She came slidin’ on down the alleyway like butter drippin’ off a hot biscuit
1) The lovely and fascinating Rob Helpy-Chalk once defined my husband and me as “The Couple That Blogs About Their Sex Life”. Which we used to be. But now Sergei is off on other things, and I can’t think of anything sexy to say, at least not right now, not on a Monday, when I’m exhausted from the weekend and can think of nothing better than crawling back in bed and sleeping for 20 straight hours.
2) Except. The sex thing. I find myself entertaining Fantasy Boyfriend Thoughts about random blokes on the telly. Lately it’s been Gordon Ramsay, he of “Hell’s Kitchen” (Finale TONIGHT), he who swears like ten sailors and has a face like a map of the Rockies.
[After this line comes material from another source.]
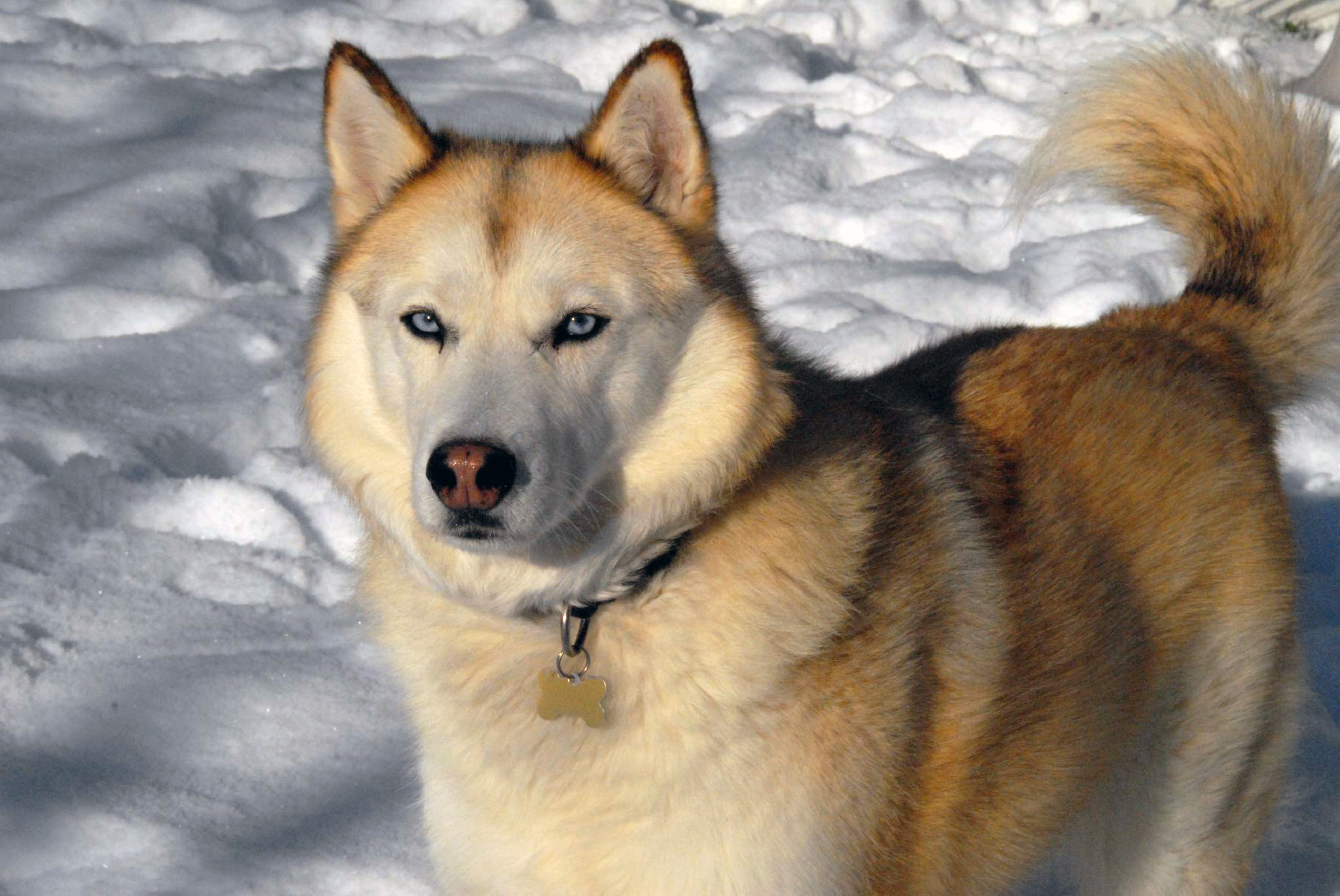 A "sable"-coloured Siberian Husky.

He can be a real arse, but when he’s nice, he’s charming, and when he takes his shirt off you can see the fitness there, and that makes me all gooshy. Him bending me over a kitchen sink, the pots rattling on the stove, the smell of garlic and olive oil and sex mingling...gimme a minute to finish this fantasy, please.
3) Okay. Back. Done. Need a cigarette and a spongebath.
4) Tomorrow morning I see the ‘eyelid specialist’ and just in time…my leaky eyeball is threatening mutiny any second, the inhospitable socket unbearable. I’m not even gonna freak out if he comes at me with a needle mumbling the ‘biopsy’ word…dammit, just git it over with. Bring it on, Bubba!
5) Maybe Gordon in the walk-in-cooler, on the crates of lettuce and onions…uh-oh, fantasy not yet over. Better go….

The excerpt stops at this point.